The answer is to be the lines below that lie between the line holding "健康発達学部 食健康学科の塩屋ゼミの教員および3年生3名が、共同研究先である福岡工業大学 工学部" and the line holding "Das nächste Ziel", inclusive, transcribed exactly and free of pictures.

-- Provided data follows --

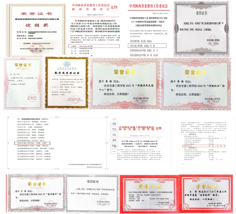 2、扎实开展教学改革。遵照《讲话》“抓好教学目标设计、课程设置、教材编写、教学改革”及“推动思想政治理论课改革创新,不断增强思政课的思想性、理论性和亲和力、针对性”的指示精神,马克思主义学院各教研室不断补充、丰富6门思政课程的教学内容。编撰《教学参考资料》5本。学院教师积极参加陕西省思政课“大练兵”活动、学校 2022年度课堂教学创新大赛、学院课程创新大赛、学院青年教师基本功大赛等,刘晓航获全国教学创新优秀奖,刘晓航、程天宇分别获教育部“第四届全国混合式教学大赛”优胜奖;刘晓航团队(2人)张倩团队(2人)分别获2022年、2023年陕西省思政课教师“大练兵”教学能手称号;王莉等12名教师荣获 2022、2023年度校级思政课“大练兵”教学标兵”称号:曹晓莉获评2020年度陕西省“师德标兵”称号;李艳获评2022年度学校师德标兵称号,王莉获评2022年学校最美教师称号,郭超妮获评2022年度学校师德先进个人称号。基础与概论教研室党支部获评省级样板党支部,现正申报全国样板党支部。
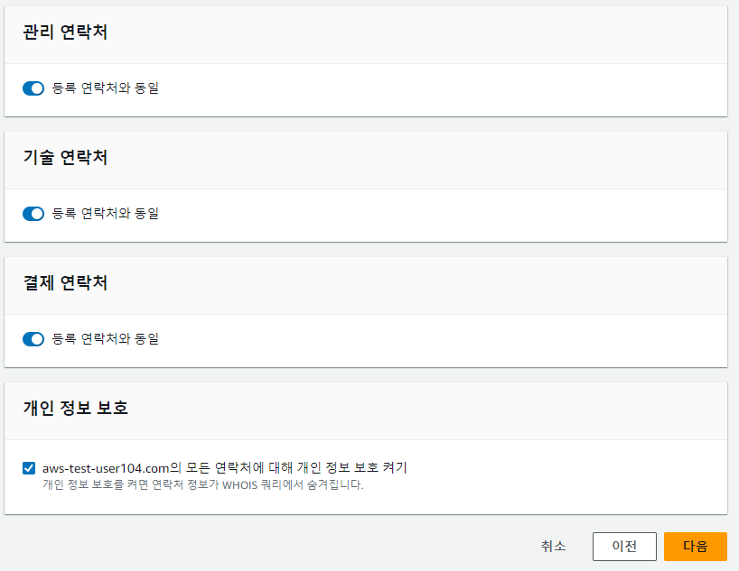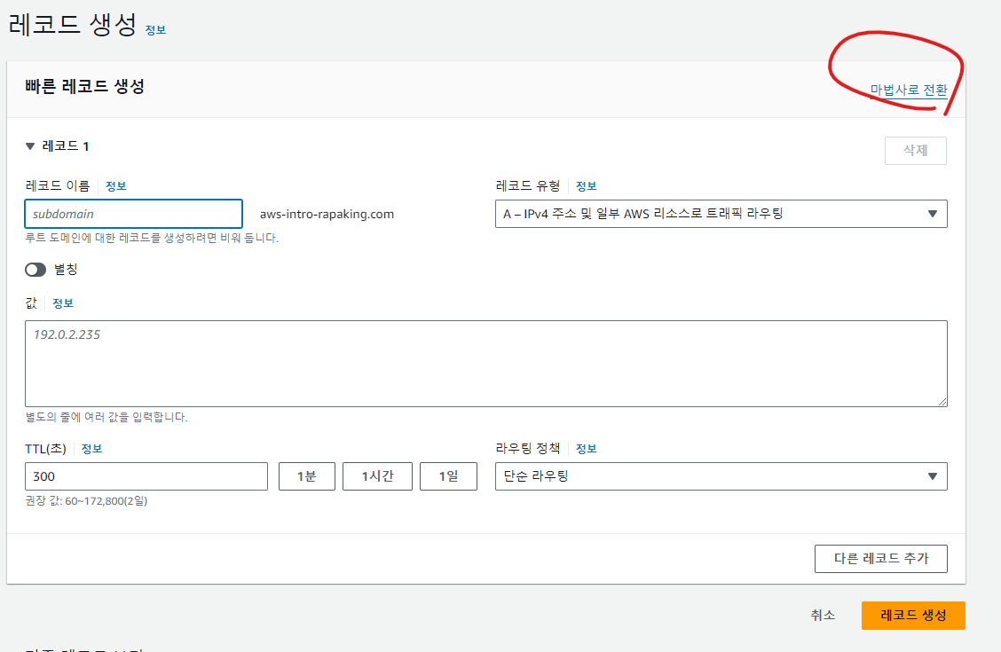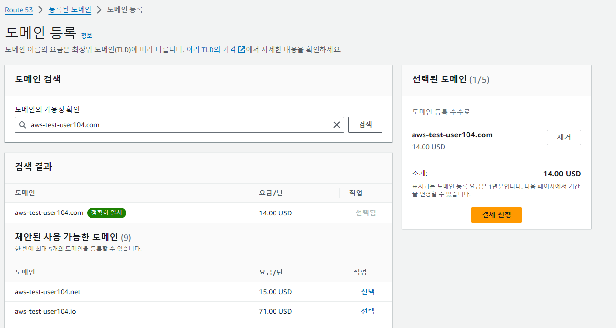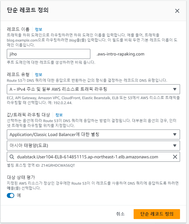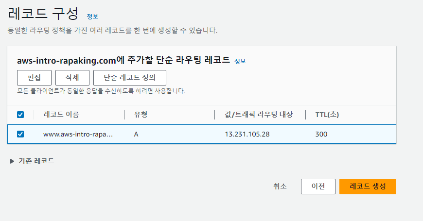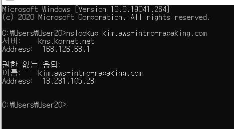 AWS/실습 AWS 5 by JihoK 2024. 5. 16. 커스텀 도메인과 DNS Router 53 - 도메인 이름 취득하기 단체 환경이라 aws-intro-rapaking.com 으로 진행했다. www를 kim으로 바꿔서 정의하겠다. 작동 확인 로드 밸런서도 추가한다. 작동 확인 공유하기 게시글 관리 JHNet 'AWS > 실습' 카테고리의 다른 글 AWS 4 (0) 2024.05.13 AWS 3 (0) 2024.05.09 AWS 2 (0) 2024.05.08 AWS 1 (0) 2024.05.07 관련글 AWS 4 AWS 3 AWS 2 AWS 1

-- Provided data concluded --
-- Provided data follows --

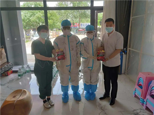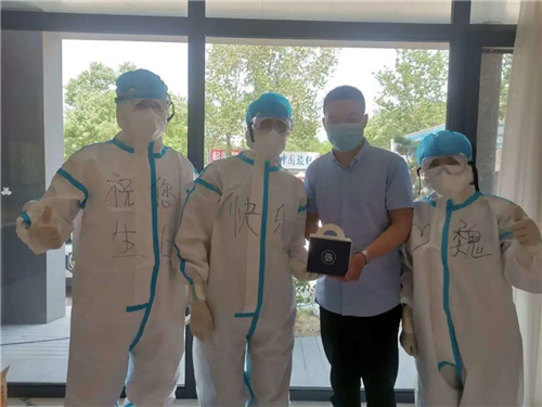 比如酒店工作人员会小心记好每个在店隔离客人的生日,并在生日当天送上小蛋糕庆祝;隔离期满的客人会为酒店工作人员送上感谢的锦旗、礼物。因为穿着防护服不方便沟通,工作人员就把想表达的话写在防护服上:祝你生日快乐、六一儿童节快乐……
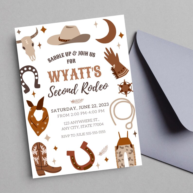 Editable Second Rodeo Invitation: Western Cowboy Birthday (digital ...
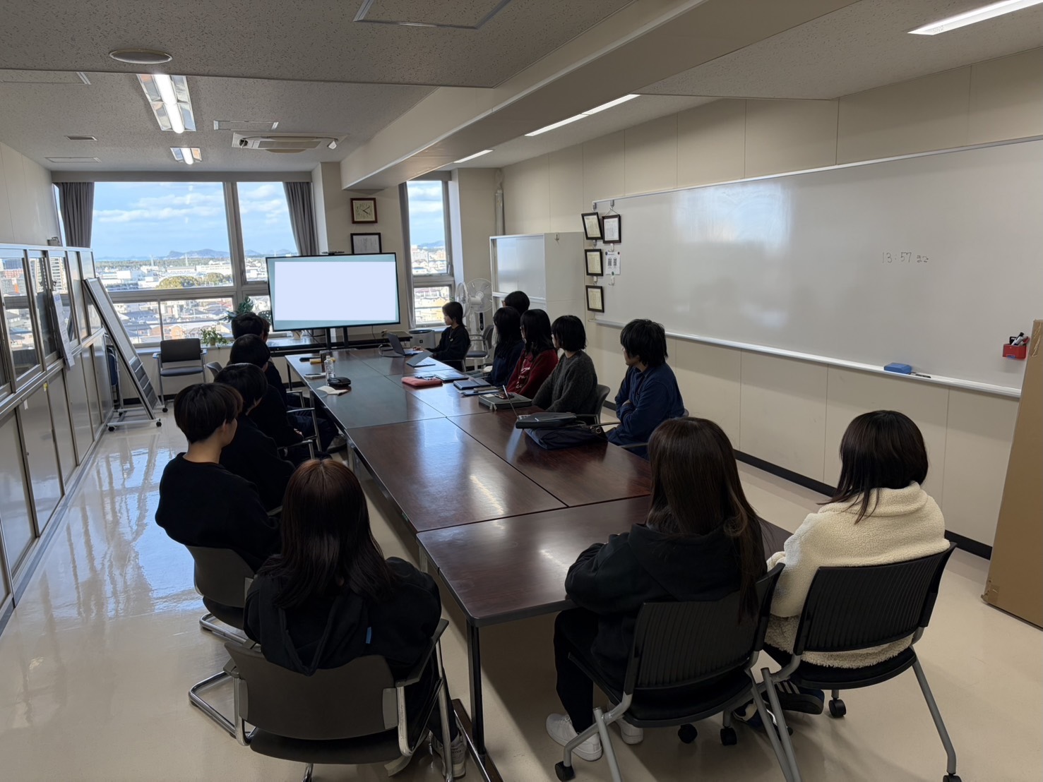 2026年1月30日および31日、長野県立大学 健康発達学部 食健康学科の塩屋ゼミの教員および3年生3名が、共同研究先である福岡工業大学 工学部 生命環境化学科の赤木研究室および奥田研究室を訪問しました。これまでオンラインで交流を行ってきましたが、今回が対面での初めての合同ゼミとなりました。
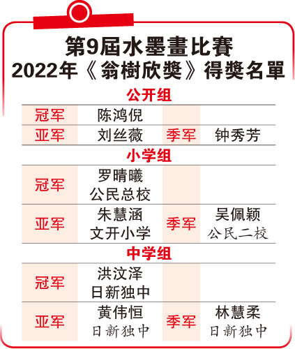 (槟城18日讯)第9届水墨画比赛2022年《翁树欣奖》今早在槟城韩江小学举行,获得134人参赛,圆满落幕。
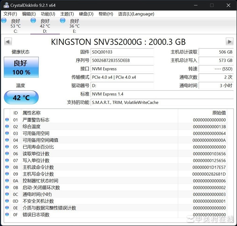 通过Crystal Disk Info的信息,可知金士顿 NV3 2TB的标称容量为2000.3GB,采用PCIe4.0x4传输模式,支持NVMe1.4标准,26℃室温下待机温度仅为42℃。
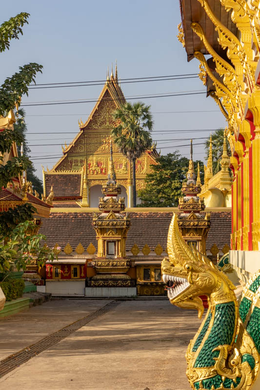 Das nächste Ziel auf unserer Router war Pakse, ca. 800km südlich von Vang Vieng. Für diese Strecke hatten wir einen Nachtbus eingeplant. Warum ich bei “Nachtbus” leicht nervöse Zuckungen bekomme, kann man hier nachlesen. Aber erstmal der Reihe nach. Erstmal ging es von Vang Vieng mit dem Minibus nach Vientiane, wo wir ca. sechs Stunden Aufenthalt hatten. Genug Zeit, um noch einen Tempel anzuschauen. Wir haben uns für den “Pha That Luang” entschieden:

-- Provided data concluded --
-- Provided data follows --

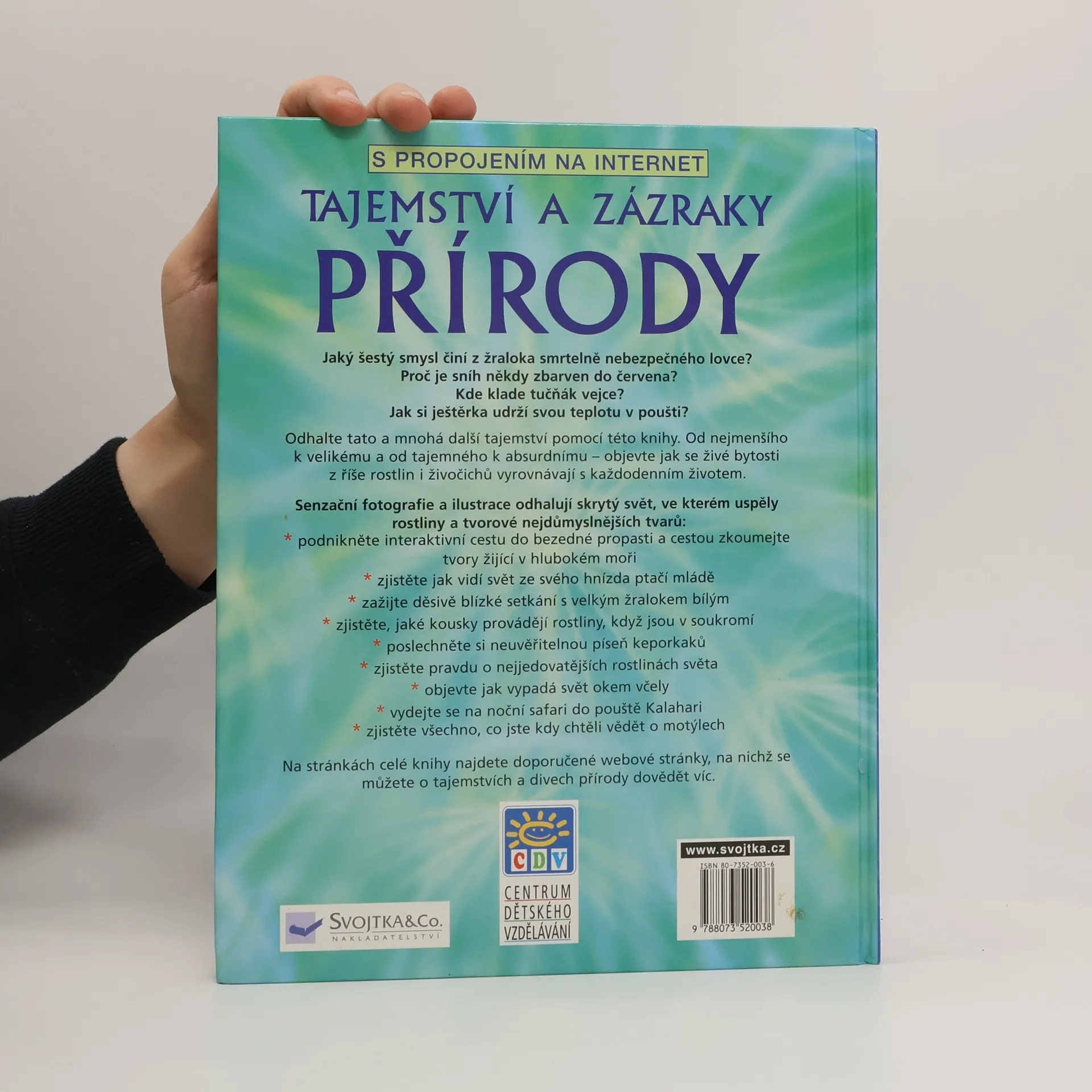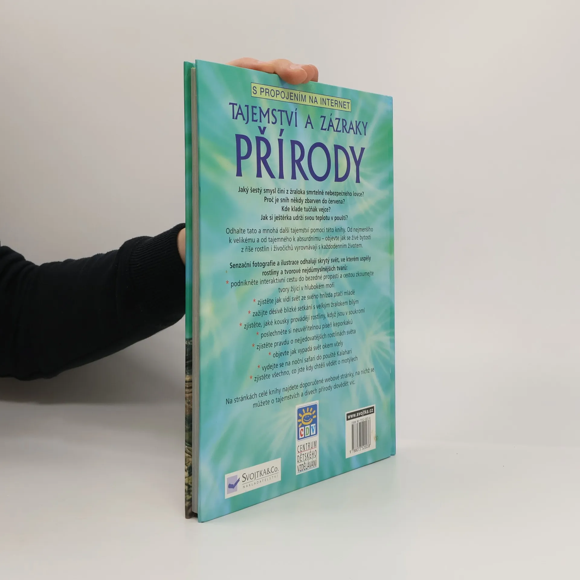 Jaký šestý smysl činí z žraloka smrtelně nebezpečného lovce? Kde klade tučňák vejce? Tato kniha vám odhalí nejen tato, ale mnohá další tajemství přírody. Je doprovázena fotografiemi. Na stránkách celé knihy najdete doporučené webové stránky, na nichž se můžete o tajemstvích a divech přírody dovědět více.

-- Provided data concluded --

__Response area__.
 2026年1月30日および31日、長野県立大学 健康発達学部 食健康学科の塩屋ゼミの教員および3年生3名が、共同研究先である福岡工業大学 工学部 生命環境化学科の赤木研究室および奥田研究室を訪問しました。これまでオンラインで交流を行ってきましたが、今回が対面での初めての合同ゼミとなりました。
 (槟城18日讯)第9届水墨画比赛2022年《翁树欣奖》今早在槟城韩江小学举行,获得134人参赛,圆满落幕。
 通过Crystal Disk Info的信息,可知金士顿 NV3 2TB的标称容量为2000.3GB,采用PCIe4.0x4传输模式,支持NVMe1.4标准,26℃室温下待机温度仅为42℃。
 Das nächste Ziel auf unserer Router war Pakse, ca. 800km südlich von Vang Vieng. Für diese Strecke hatten wir einen Nachtbus eingeplant. Warum ich bei “Nachtbus” leicht nervöse Zuckungen bekomme, kann man hier nachlesen. Aber erstmal der Reihe nach. Erstmal ging es von Vang Vieng mit dem Minibus nach Vientiane, wo wir ca. sechs Stunden Aufenthalt hatten. Genug Zeit, um noch einen Tempel anzuschauen. Wir haben uns für den “Pha That Luang” entschieden:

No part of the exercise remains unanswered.